This week’s Spanko Brunch #195 at Bonnie’s blog, she asks a general question about acceptance.
What do think the future holds for spanking and spanking enthusiasts? Can we gain anything approaching mainstream acceptance? Or will we be repressed by waves of political correctness or moral righteousness? Can vanilla society, or at least a majority of the people in it, come to understand that we are sensible, caring, productive citizens? Do you think media might play a role in delivering this message? Can bloggers help? Or will our community be better served by looking inward and supporting our own?
This is my response.
Angelique waited for her new husband to whisk her away from the reception. It had been a traditional wedding, complete with vows, although without the ‘obey’. Angelique fully intended to obey Henri in all things, but her modern friends did not understand her need to willingly submit to her Master. She’d tried, but been ridiculed and mocked when she revealed her love of discipline. The Story of ‘A’ she’d been dubbed and most of her now former friends were long gone from her life.
It was a very special place, an isolated wind swept bluff overlooking the river far below. The land had been in Henri’s family for centuries. Here, over a convenient stump, Angelique received her very first spanking from Henri and had fallen in love with his commanding ways. Now they returned to exchange a second set of vows, vows meaning so much more to them both.
I, Henri Montague, do take Angelique Montague née Molyneux to be my cherished submissive. I promise to love her, to guide her, to support her dreams and to provide discipline whenever needed. She is mine and I will use her freely as I see fit. I promise to listen and to understand her special needs. I will honor her parents and kin. I will respect her body as a temple of Eros and strive to make her sexually satisfied. As Angelique’s Master it is my solemn duty to protect, shield her from harm and spank her firmly when she errs. I swear before God I will keep her heart safe and her soul warm.
I, Angelique Montague née Molyneux, do accept Henri Montague as my cherished Master. I promise to obey him, to love him, to support his dreams and submit to his stern discipline. I am his and I will freely submit to his every desire. I promise to listen and understand his special needs. I will honor his parents and kin. I will respect his body as a shrine of Eros and use all my orifices to keep him sexually satisfied. As Henri’s submissive it is my solemn duty to anticipate, shield him from worry and accept punishment when I err. I swear before God I will keep his heart safe and his soul warm.
I love the vows! When Lash and I committed to add DD to our marriage, we bought matching rings but vows would have been so cool! Meow
You can say these vows anytime Meow.
LS, ahhhh, now you know I am going to have to study these and study these and study them some more. Idk Girly, even as a submissive wife can I say this? I laughed in my cousins face when she said obey at her wedding. It wasn’t hard, I was standing right next to her as a bridesmaid.
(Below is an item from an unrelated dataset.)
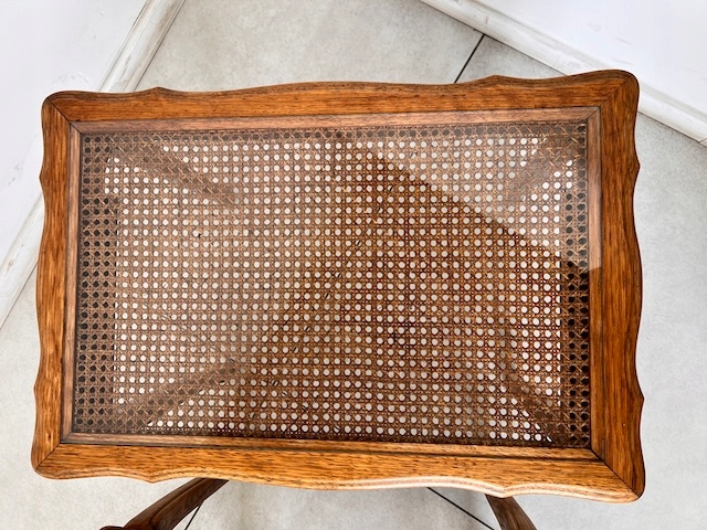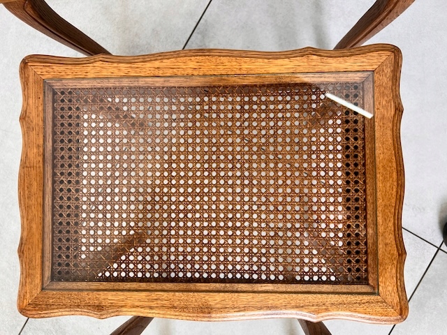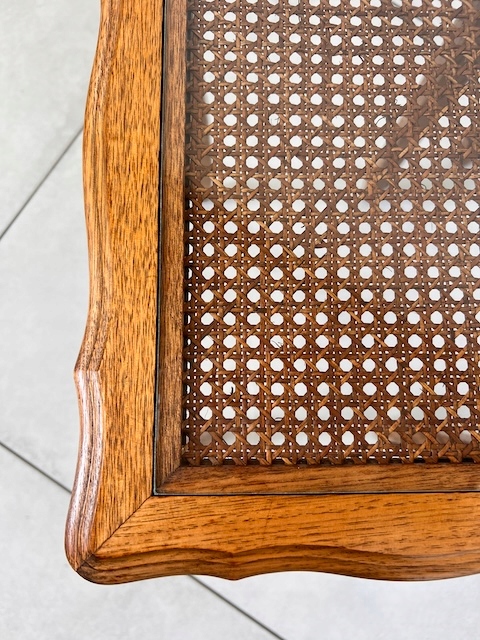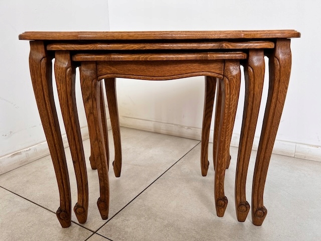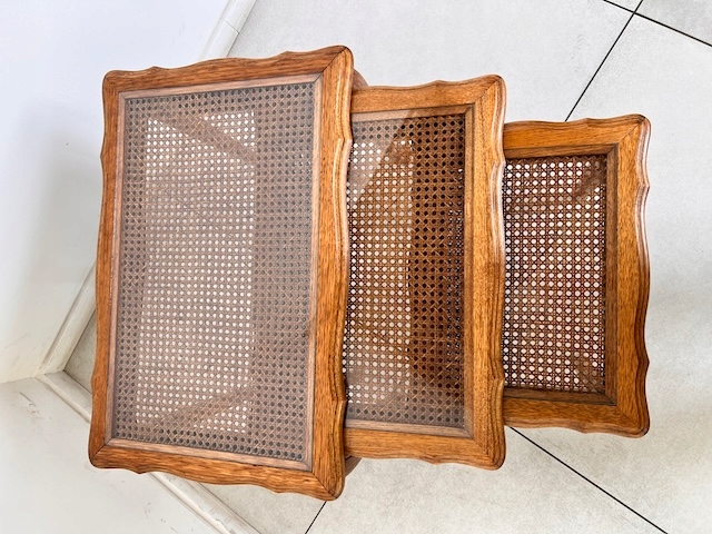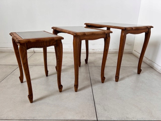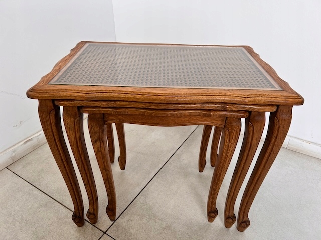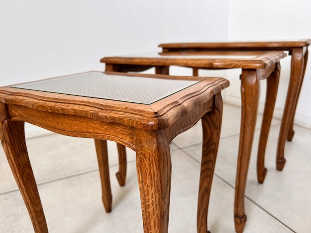 Дубовые тройки выполнены в стиле Людвик. Очень хорошо. Столешница сплетена из рафии и покрыта стеклом. Они в хорошем состоянии. Они не имеют повреждений и дефектов. На них видны типичные следы использования. Столы готовы к установке.

I know, rotten me, slap my hand, sheesh, gotta think, gotta think. I think I still get stuck on verbiage – I think I have a hang-up, gotta think about it some more,,,,:) I think I want to own the one who owns me,,,does that make sense? ‘sigh’ still thinking,,,,CD
‘Obey’ gets a bad rap.
She who laughs last gets spanked the hardest.
In a true D/s relationship ownership cuts both ways.
Ownership cuts both ways,,,,I needed to hear that, thank you
Absolutely CD. Being owned is a two-way street, no matter what Masters might think. They have an obligation and a duty to protect their submissives in every possible way.